#### [Task objective]
Copy out the lines of the records below, and only those lines, from the one with "Syahdika - Mukena" through the one with "Современный фонарь для", exactly as they appear.

#### [Data for the task]
Start of Block

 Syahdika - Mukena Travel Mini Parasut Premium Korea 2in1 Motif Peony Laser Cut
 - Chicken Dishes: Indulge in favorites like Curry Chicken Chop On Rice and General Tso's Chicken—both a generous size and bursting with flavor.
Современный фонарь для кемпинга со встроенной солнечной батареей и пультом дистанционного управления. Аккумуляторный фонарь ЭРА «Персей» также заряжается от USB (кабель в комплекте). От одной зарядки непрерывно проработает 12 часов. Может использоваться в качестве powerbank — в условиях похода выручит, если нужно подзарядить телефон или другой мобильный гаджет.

End of Block
Start of Block

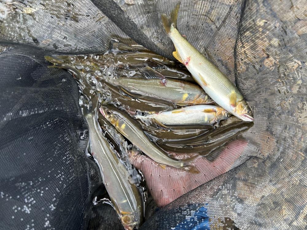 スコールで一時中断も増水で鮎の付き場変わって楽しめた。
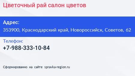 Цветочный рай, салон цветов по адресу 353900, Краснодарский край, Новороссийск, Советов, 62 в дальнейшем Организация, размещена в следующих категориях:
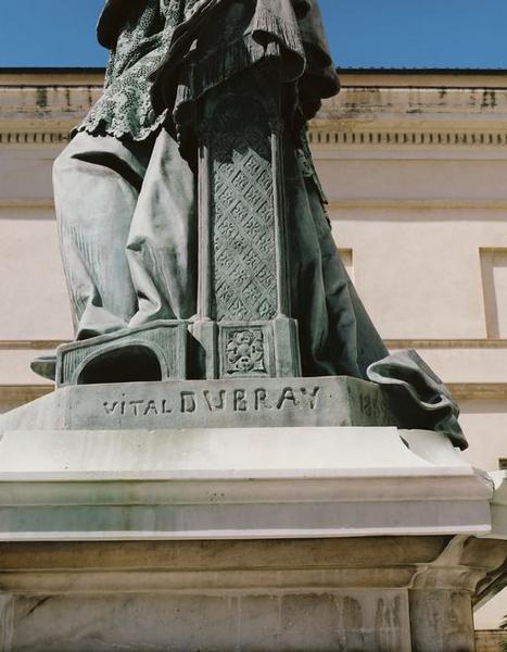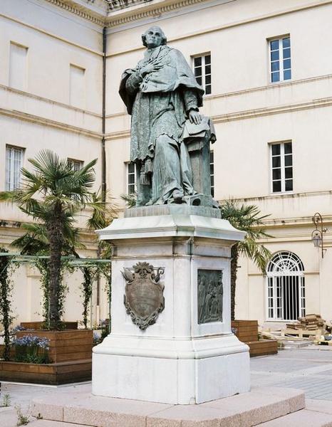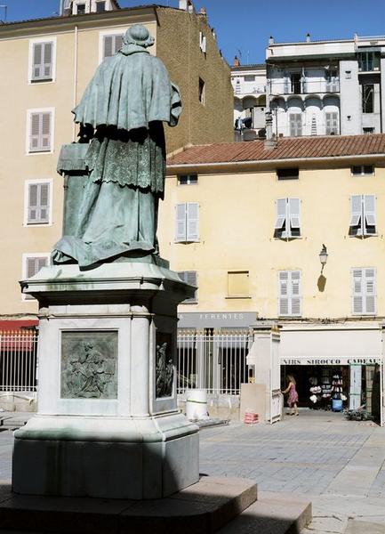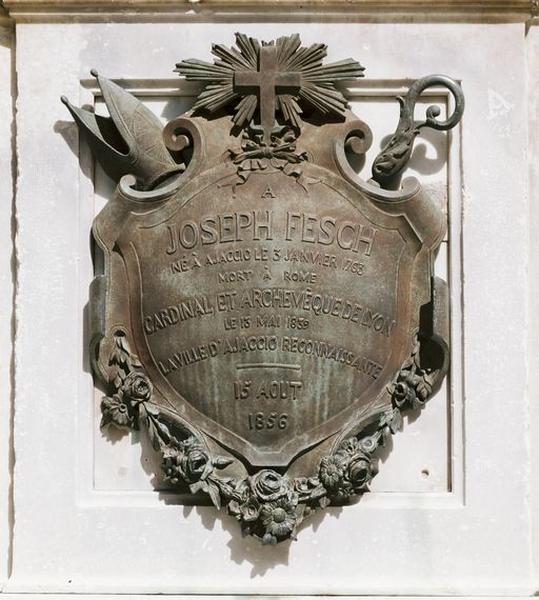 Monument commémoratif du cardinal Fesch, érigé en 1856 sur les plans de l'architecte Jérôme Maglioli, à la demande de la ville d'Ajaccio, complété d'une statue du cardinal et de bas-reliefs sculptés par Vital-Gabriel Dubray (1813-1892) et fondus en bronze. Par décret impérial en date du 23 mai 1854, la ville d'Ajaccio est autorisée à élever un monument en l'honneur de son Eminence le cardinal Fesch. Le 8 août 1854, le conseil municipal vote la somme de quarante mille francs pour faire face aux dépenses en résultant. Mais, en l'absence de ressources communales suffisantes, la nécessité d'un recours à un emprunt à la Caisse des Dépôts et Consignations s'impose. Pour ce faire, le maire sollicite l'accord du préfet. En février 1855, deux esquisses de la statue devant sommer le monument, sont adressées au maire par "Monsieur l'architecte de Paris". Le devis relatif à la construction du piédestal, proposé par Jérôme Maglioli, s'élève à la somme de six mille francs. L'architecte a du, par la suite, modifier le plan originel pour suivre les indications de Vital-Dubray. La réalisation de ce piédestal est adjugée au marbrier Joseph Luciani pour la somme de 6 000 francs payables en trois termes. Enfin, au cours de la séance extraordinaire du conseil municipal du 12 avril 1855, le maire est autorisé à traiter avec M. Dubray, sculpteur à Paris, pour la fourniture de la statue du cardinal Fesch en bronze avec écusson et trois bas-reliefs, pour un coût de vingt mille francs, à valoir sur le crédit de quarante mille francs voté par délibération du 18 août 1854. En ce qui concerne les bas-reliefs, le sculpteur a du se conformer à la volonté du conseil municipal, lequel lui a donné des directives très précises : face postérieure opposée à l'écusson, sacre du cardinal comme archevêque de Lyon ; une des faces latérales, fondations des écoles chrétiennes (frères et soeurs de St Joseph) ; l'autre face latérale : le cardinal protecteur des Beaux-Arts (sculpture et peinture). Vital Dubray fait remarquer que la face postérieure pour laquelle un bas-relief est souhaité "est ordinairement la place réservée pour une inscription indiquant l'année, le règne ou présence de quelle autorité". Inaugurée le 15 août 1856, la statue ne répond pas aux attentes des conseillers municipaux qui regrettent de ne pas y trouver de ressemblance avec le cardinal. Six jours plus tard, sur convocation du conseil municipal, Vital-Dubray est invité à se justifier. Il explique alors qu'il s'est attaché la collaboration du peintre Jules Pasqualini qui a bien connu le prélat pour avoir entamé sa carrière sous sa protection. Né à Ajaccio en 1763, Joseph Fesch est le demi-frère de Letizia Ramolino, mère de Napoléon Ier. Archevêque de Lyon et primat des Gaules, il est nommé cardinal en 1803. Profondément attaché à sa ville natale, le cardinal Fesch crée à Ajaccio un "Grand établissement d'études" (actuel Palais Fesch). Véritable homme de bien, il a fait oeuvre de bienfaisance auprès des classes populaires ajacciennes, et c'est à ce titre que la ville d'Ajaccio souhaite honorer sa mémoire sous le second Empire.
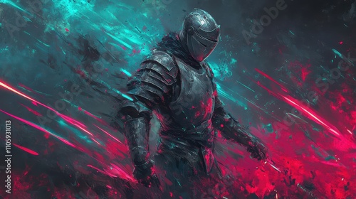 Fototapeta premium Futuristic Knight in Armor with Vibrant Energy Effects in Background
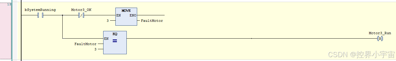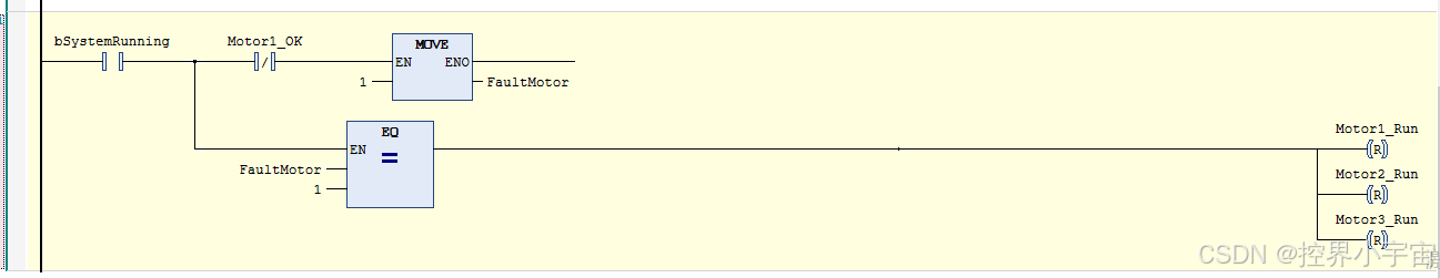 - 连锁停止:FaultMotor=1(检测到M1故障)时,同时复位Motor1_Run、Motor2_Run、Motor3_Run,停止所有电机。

End of Block
Start of Block

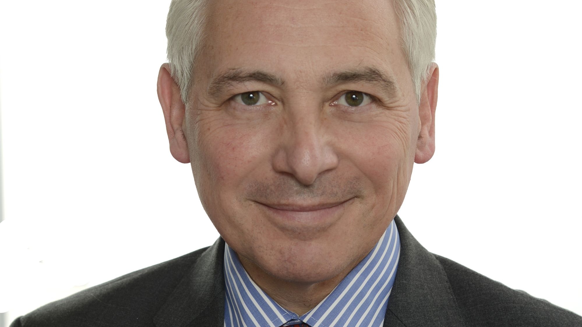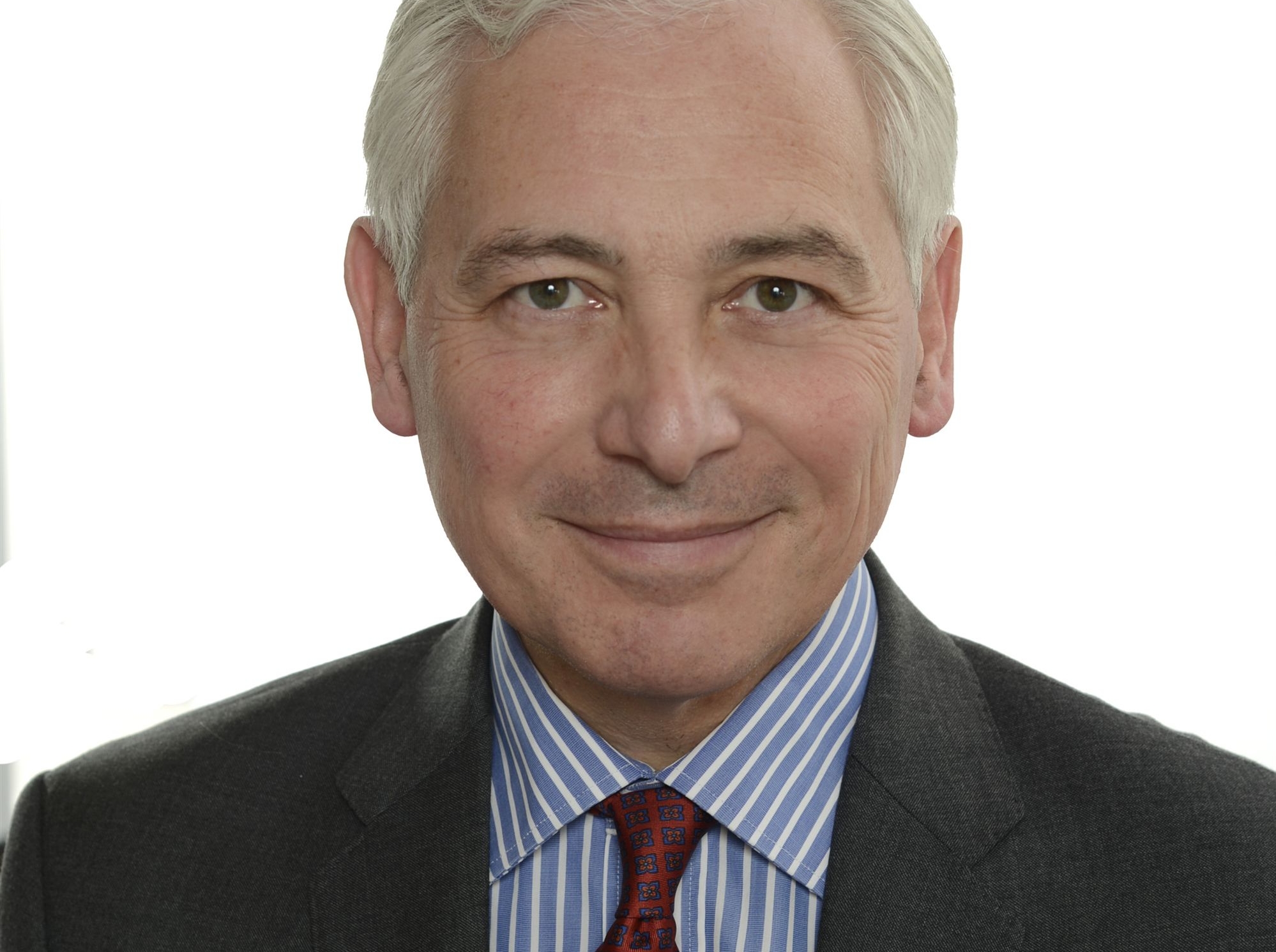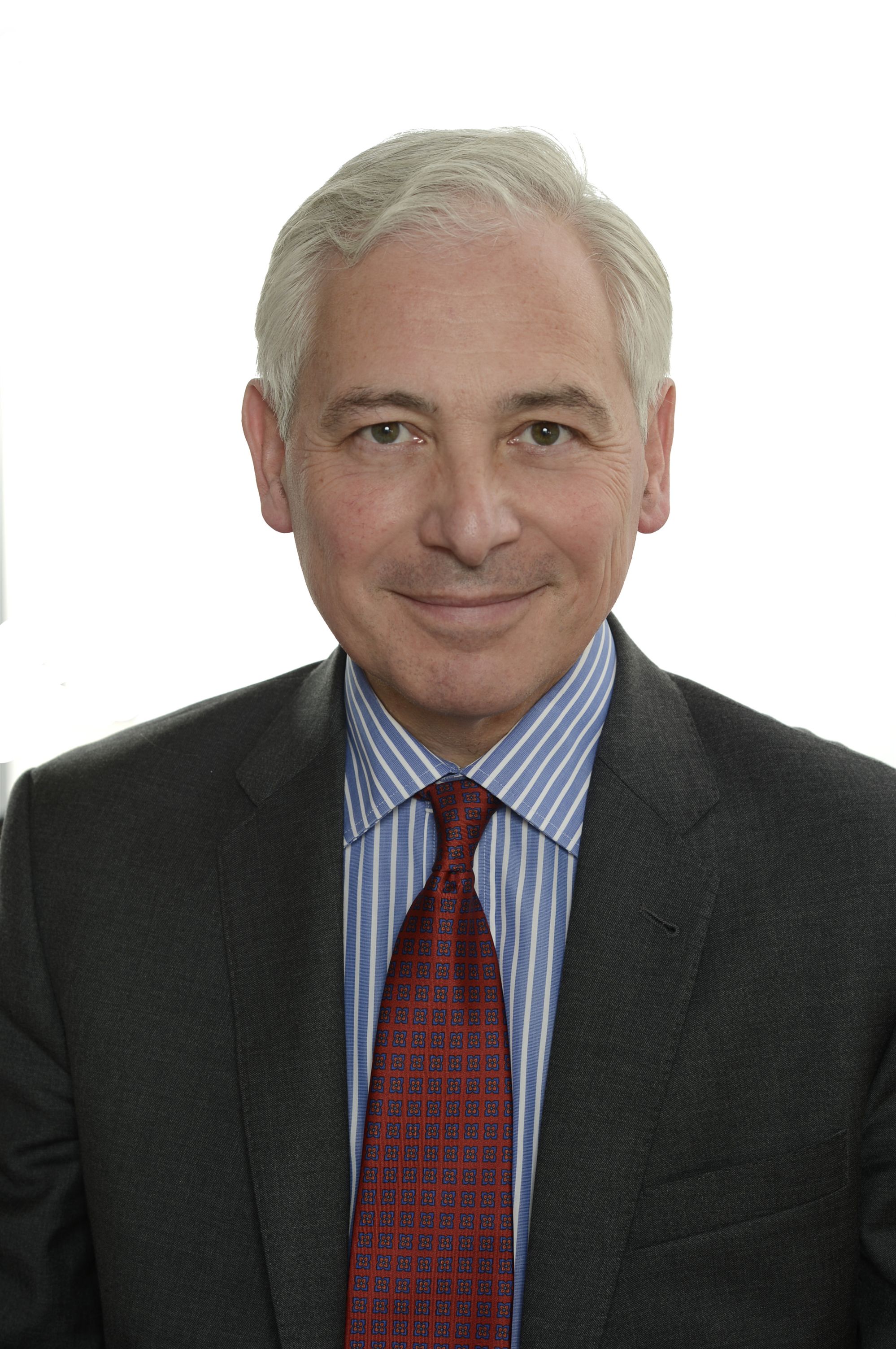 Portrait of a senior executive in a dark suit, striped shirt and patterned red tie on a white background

End of Block

#### [Answer section]
 Syahdika - Mukena Travel Mini Parasut Premium Korea 2in1 Motif Peony Laser Cut
 - Chicken Dishes: Indulge in favorites like Curry Chicken Chop On Rice and General Tso's Chicken—both a generous size and bursting with flavor.
Современный фонарь для кемпинга со встроенной солнечной батареей и пультом дистанционного управления. Аккумуляторный фонарь ЭРА «Персей» также заряжается от USB (кабель в комплекте). От одной зарядки непрерывно проработает 12 часов. Может использоваться в качестве powerbank — в условиях похода выручит, если нужно подзарядить телефон или другой мобильный гаджет.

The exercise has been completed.